Jane could handle ground rules. Ground rules always changed.

And now Phillip Lussier showed no inclination to leave Jane’s lap. The little boy’s Spider-Man sneakers were leaving damp footprints on her Levis. Kids liked her, she was used to that, but this show of affection was surprising. Phillip had dropped his chocolate chip cookie on the floor the moment he saw Jane. When she sat down on the couch, he climbed onto her lap without invitation.

Jane settled Phillip in, extricating one little foot from that tender place on top of her kneecap, seeing what looked like swipes of chocolate on his blue striped T-shirt and crumbs around his lips. Somehow Jane was his new best friend.

“First time he’s smiled in-well, I can’t remember a smile.” Bethany tied the ends of her dangling cardigan into a loopy knot, then untied them. “Phoebe’s napping, for now. These kids have been through a lot. I cannot predict how much the situation will affect-well, what can I do for you, Jane?”

Jane felt the tickle of Phillip’s curls. He’d wrapped one hand around the turtleneck of her sweater, yanking it away from her face.

“Hey, sweetie,” she said. “Should we…” She looked at Bethany, baffled, hoping for direction. “Read a book or something?”

“Book!” Phillip crowed. A smile wreathed his chocolaty face, and he bounced with excitement, a pudgy bobblehead. “Read book, Mama!”

*

“When will she be back?” Ella paced the length of her living room, clutching her cell phone to her ear as the receptionist at the Register made up a bunch of reasons why Jane Ryland wasn’t available. “Well, is there someone who would know? Yes, I’ll hold.”

She paced the other way, seeing the color of the evening change as the streetlights popped on along her street. Someone had looped a string of valentine hearts on the building’s front door, reminding Ella that the second worst holiday in the world-after New Year’s Eve-was around the corner. She was nobody’s valentine. As a kid, had she gotten valentines? Maybe in school. But Aunt Marion, as she’d been told to call the woman, hadn’t been much for “Hallmark holidays.” Or any holidays except the “real” ones, Christmas and Easter. Mother’s Day they ignored.

“Yes?” Ella heard the connection change, but it was only someone telling her to hold again. It really sounded like the Register’s people were making up excuses for why Jane wasn’t there. Or maybe today was simply a day off. But she had to talk to Jane. Had to.

“Okay, fine, I’ll hold. She still works there, doesn’t she? Would there be a better time for me to call?”

Did she want to leave a message? the receptionist asked.

Did she? She’d already left one on Jane’s voice mail. Jane hadn’t called her back.

Had she trusted the wrong person? She usually had good instincts about people. But reality-and relationships-weren’t reliable. Ella prided herself on how she could predict which matches were going to thrive, and which ones might better have been forgotten. Maybe because of all that’d just happened, she was losing it.

“No, thanks,” she replied. “I’ll try later.”

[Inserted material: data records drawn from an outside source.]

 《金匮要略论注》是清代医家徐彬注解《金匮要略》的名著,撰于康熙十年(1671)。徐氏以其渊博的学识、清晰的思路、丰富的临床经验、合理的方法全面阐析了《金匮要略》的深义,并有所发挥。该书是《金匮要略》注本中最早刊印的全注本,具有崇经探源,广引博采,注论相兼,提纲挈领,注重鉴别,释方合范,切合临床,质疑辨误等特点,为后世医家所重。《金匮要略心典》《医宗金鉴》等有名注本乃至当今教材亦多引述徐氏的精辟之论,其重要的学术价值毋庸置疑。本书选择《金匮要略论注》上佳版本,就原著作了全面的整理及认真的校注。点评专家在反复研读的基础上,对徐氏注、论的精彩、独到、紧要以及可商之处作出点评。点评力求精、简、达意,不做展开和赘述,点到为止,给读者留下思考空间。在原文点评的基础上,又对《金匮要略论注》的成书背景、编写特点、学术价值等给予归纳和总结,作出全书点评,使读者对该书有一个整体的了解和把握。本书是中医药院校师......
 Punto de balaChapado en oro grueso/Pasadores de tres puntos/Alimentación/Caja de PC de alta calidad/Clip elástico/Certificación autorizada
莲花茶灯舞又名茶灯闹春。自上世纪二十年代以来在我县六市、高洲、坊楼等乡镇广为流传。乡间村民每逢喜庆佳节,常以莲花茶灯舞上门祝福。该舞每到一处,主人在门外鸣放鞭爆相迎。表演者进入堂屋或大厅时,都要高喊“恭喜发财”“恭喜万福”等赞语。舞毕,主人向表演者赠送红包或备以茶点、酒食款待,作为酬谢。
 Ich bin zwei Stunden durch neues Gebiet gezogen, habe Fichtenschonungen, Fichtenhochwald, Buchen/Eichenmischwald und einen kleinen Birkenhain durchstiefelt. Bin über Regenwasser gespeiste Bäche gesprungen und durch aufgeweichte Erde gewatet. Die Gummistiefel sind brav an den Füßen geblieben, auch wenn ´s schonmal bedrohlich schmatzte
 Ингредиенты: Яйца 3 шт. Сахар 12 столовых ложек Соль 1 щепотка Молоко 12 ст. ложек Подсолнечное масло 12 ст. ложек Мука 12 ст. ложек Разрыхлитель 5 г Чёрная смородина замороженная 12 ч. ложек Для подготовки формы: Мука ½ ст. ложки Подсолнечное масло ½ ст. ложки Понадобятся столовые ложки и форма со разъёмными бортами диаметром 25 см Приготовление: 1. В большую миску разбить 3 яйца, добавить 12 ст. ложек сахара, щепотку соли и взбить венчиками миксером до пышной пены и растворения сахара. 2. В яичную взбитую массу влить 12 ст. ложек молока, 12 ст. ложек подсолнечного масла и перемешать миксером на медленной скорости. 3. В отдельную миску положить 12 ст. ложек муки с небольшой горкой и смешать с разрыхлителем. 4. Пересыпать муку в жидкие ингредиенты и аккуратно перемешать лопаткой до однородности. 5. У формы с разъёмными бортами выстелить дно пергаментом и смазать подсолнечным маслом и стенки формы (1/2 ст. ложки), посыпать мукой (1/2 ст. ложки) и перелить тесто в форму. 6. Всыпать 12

The receptionist was saying something more, but Ella hung up. Her kitchen table now held two stacks of pilfered folders. Tucker Cameron’s. And some new ones.

Ella had come home early, as Collins Munson suggested. But she wasn’t about to abandon Ms. Finch’s office or all her personal stuff for that Grace to paw through. Not to mention the files.

Once they got hold of them, Ella realized, every bit of evidence of-whatever it was-could be gone. It was up to her to protect the history. Protect the sanctity of the Brannigan families. That’s when she realized what had been nagging her, almost tormenting her, ever since she’d begun to believe Carlyn Parker Beerman had been sent the wrong girl.

What if there were others?

Before she could change her mind, Ella had snatched the files for the last five Calls Ms. Finch had made. With the snap of rubber bands and the flap of manila folders, she’d stuffed them in her backpack and whisked them out of the building, right past Collins Munson’s closed office door.

Tonight, right after her chicken potpie and Diet Pepsi, she would make a few… what would she call them? Follow-up calls. Just to see how things were going with the five new families.

After all, she was now the “acting” Lillian Finch. And she didn’t need some reporter to help the new Ella find out what-she smiled-the hell was going on.

45

“Book, Mama! Phillip get!” Phillip leaped from Jane’s lap and plowed himself into a pile of shiny picture books stacked on the floor by the end table. He grabbed a glossy turquoise-and-red cover and held it up, triumphant. “Dis one, Mama!”

Jane recognized The Cat in the Hat.

“Did he say…?” Jane looked at Bethany, wondering if she’d heard properly. “… Mama? Did he mean me? Or does he call everyone-oof.”

Phillip clambered back onto her lap and plastered his spine against Jane’s chest, awkwardly propping the too-big book on his outstretched legs. His feet barely reached beyond Jane’s knees, and the plaid laces of one of his rubber-soled shoes had come untied.

Bethany crossed her arms in front of her, watching the two of them on the couch. “I’m sorry, Jane. Yes, he did say ‘Mama.’ And no, I must tell you he’s never said that word, not in the three days he’s been with me. He has said-well, some other things. But I’m trying to assess what, if anything, he means. Possibly you look like his birth mother? Or wear her perfume? You don’t look like Brianna Tillson. We may never know.”

“Hey, Phillip.” Jane cuddled him closer. Poor thing. “Sure, we can read this. Okay?” She looked up as the boy pawed through the pages. “Bethany? You were saying?”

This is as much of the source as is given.